La pollution marine aux hydrocarbures ou à d’autres substances liquides nocives

Lors d’un vol de routine de contrôle de la pollution, les opérateurs aériens essaient de repérer la pollution visuellement et à l’aide de capteurs.

S’il détecte une pollution aux hydrocarbures minéraux, l’opérateur s’en approche toujours pour calculer la quantité d’hydrocarbures déversée dérivant à la surface de l’eau. Cette estimation du volume d’hydrocarbures déversés en mer permet en effet d’évaluer la gravité du phénomène et son impact sur l’écosystème marin.

Très souvent, le navire pollueur s’est malheureusement déjà fort éloigné lors qu’un cas de pollution maritime opérationnelle est détecté. Lorsqu’un navire est pris en flagrant délit de déversement opérationnel illégal, l’avion effectue une manœuvre supplémentaire pour s’approcher du bateau et identifier le pollueur. Sa mission consiste à suivre de façon sécurisée, de jour comme de nuit, la trace de pollution jusque dans le sillage du navire, de s’en approcher suffisamment pour lire le nom et le port d’attache inscrits sur sa coque, et de rapporter toutes ces données en temps réel.

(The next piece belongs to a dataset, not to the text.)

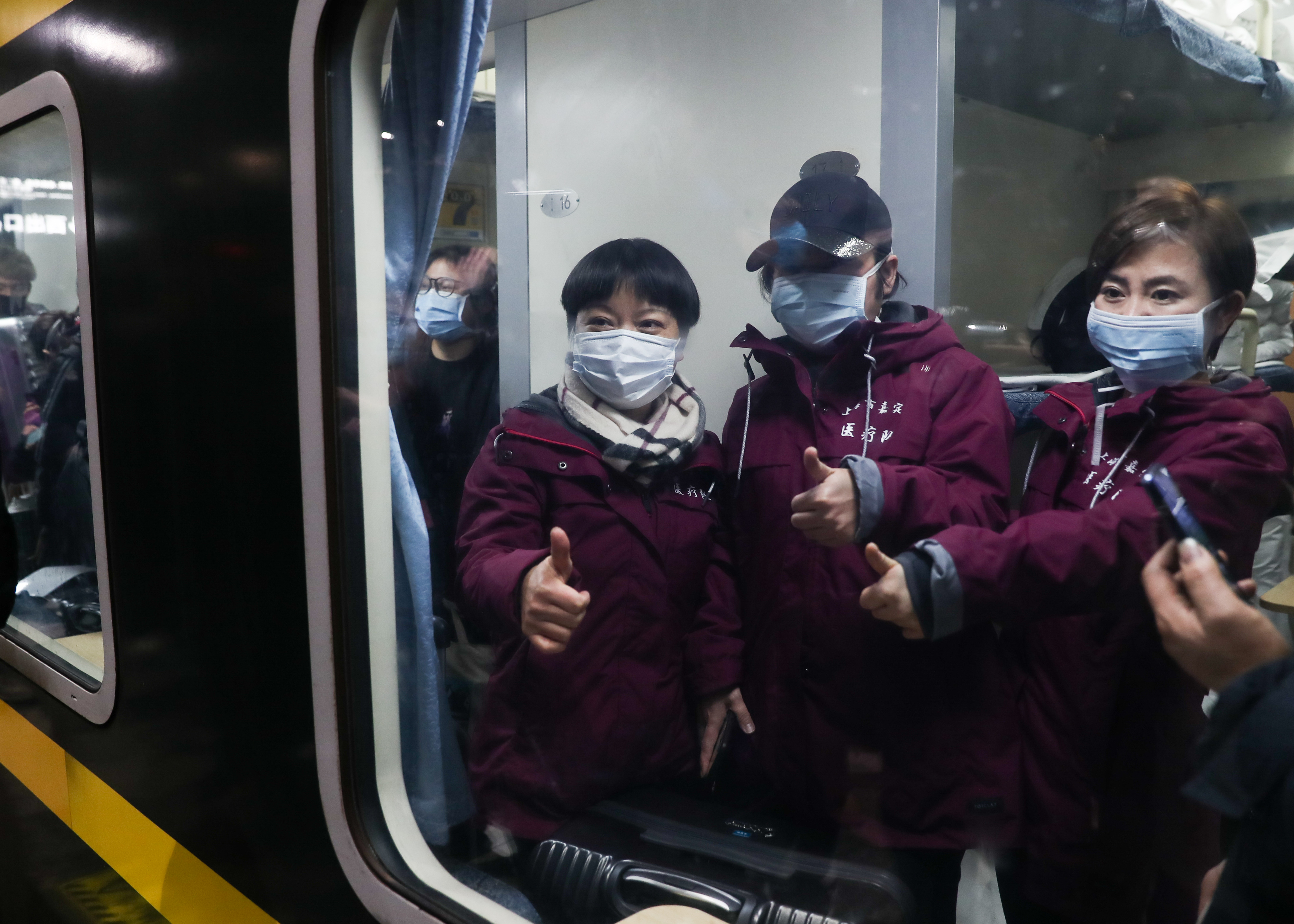 Medical team members take the train to Hubei Province in Hefei, east China's Anhui Province, Jan. 27, 2020. (Xinhua/Zhang Duan)

Après le constat, un rapport de vol est transmis le plus rapidement possible à la centrale de la Garde côtière afin que les autorités policières et judiciaires puissent prendre sans délai le relais de l’enquête.

Lors des vols de surveillance pour les émissions de soufre, effectués en application de l’Annexe VI de MARPOL, la collaboration et la communication avec le réseau européen d’inspection portuaire ou « contrôle par l’État du port » (Port State Control, PSC) jouent un rôle essentiel. Le PSC est responsable de la réalisation et de la coordination des inspections portuaires des navires (en application des directives CE 2016/802 et 2015/253). Aucun PV n’est (encore) dressé sur la seule base des mesures des émissions de soufre. Un PV ne sera rédigé qu’en cas de preuve suffisante d’infraction lors d’une inspection portuaire, avec prélèvements d’échantillons de carburants. Les mesures des émissions de soufre en mer par le capteur renifleur relèvent donc davantage d’un système de ciblage visant à améliorer l’efficacité des inspections portuaires.